# Problem requirements
Give all of the data again exactly as written, omitting every image.

# Given material
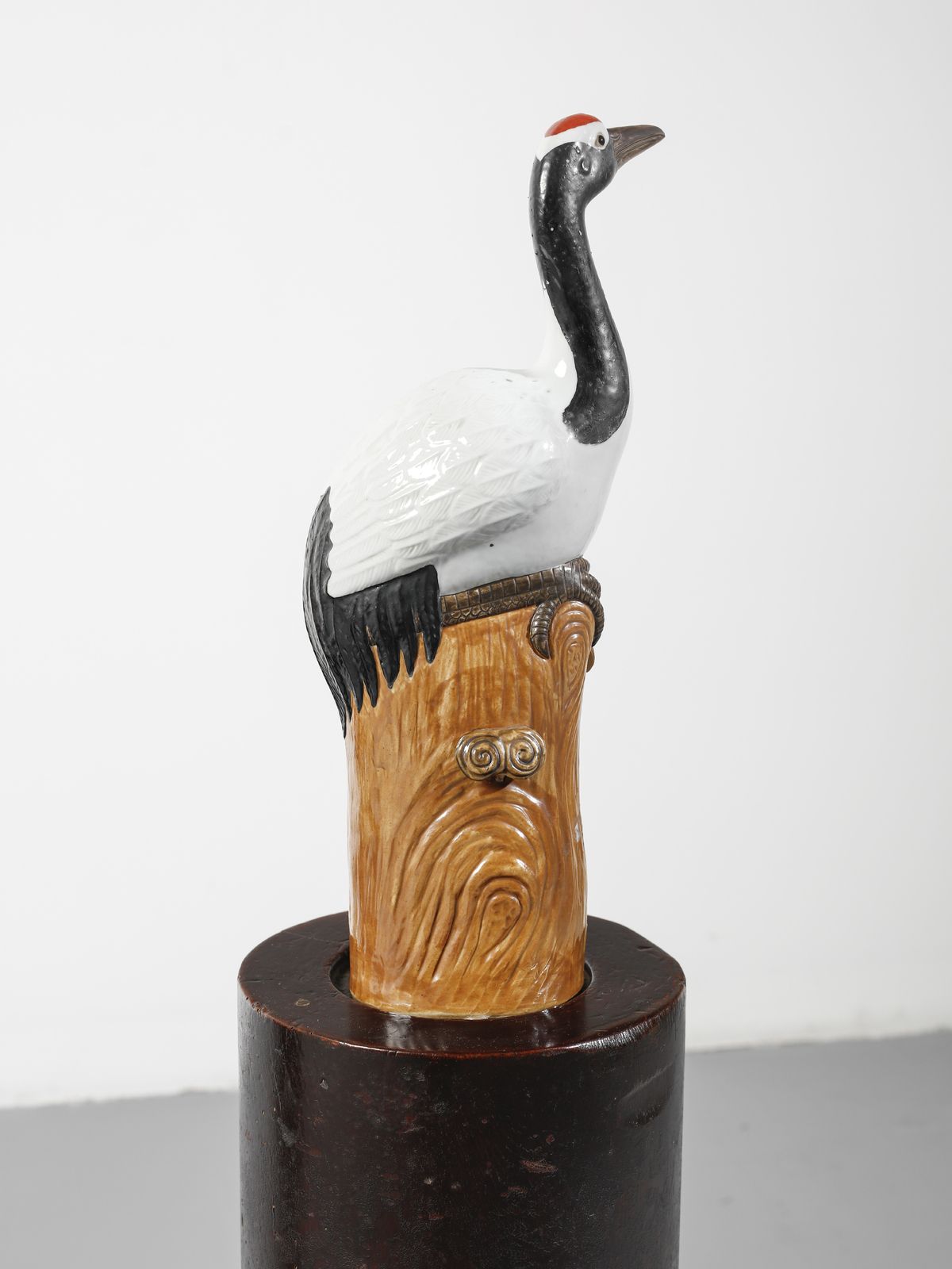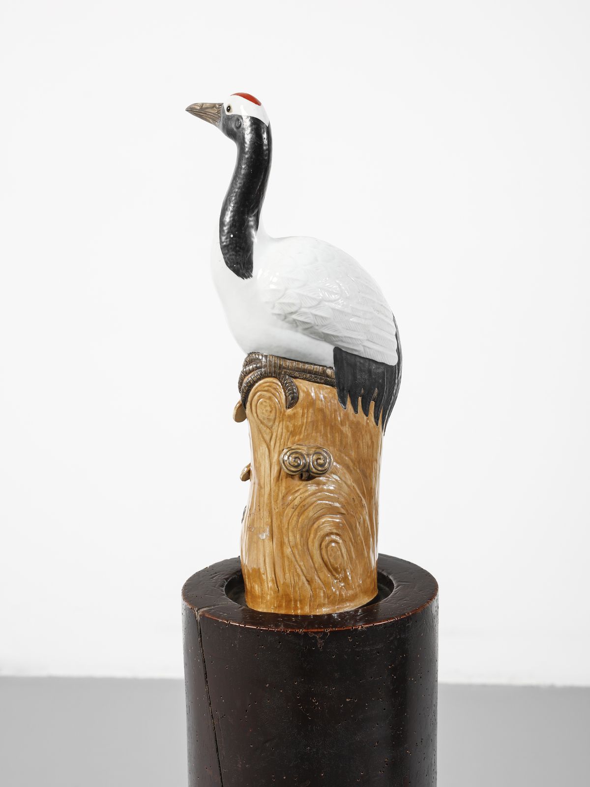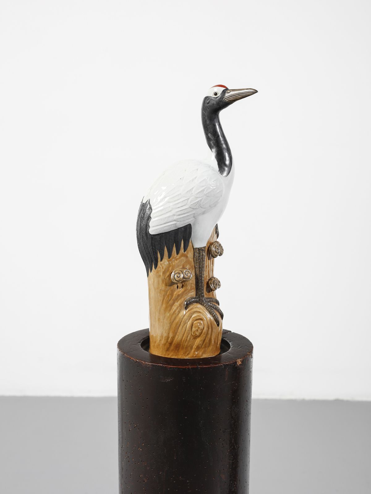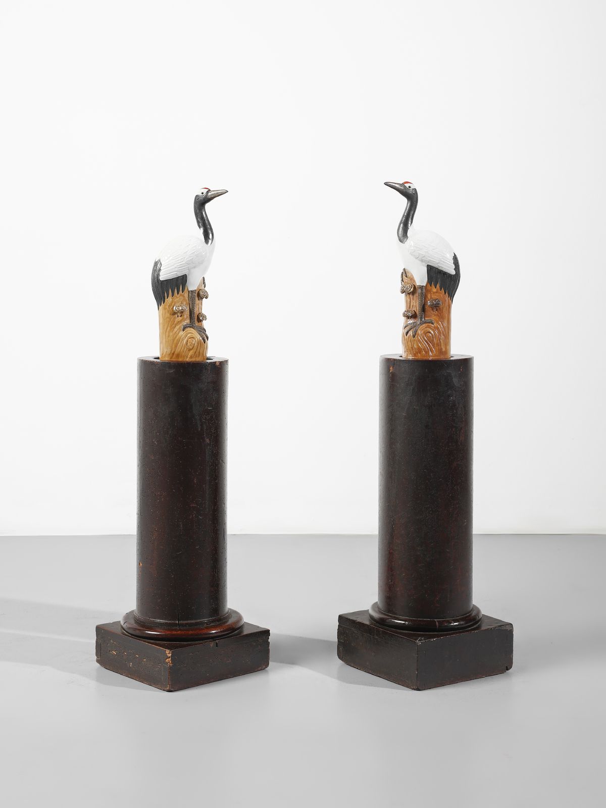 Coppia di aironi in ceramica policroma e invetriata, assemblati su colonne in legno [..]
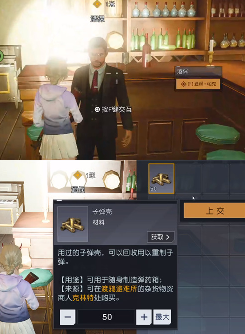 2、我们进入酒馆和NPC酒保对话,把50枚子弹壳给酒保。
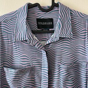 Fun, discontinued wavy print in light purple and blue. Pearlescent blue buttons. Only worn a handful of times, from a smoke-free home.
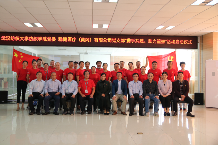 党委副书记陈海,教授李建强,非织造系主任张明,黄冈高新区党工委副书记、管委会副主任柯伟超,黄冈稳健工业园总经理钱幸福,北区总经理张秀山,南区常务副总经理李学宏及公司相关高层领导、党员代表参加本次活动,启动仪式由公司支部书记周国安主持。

# Result below
 Coppia di aironi in ceramica policroma e invetriata, assemblati su colonne in legno [..]
 2、我们进入酒馆和NPC酒保对话,把50枚子弹壳给酒保。
 Fun, discontinued wavy print in light purple and blue. Pearlescent blue buttons. Only worn a handful of times, from a smoke-free home.
 党委副书记陈海,教授李建强,非织造系主任张明,黄冈高新区党工委副书记、管委会副主任柯伟超,黄冈稳健工业园总经理钱幸福,北区总经理张秀山,南区常务副总经理李学宏及公司相关高层领导、党员代表参加本次活动,启动仪式由公司支部书记周国安主持。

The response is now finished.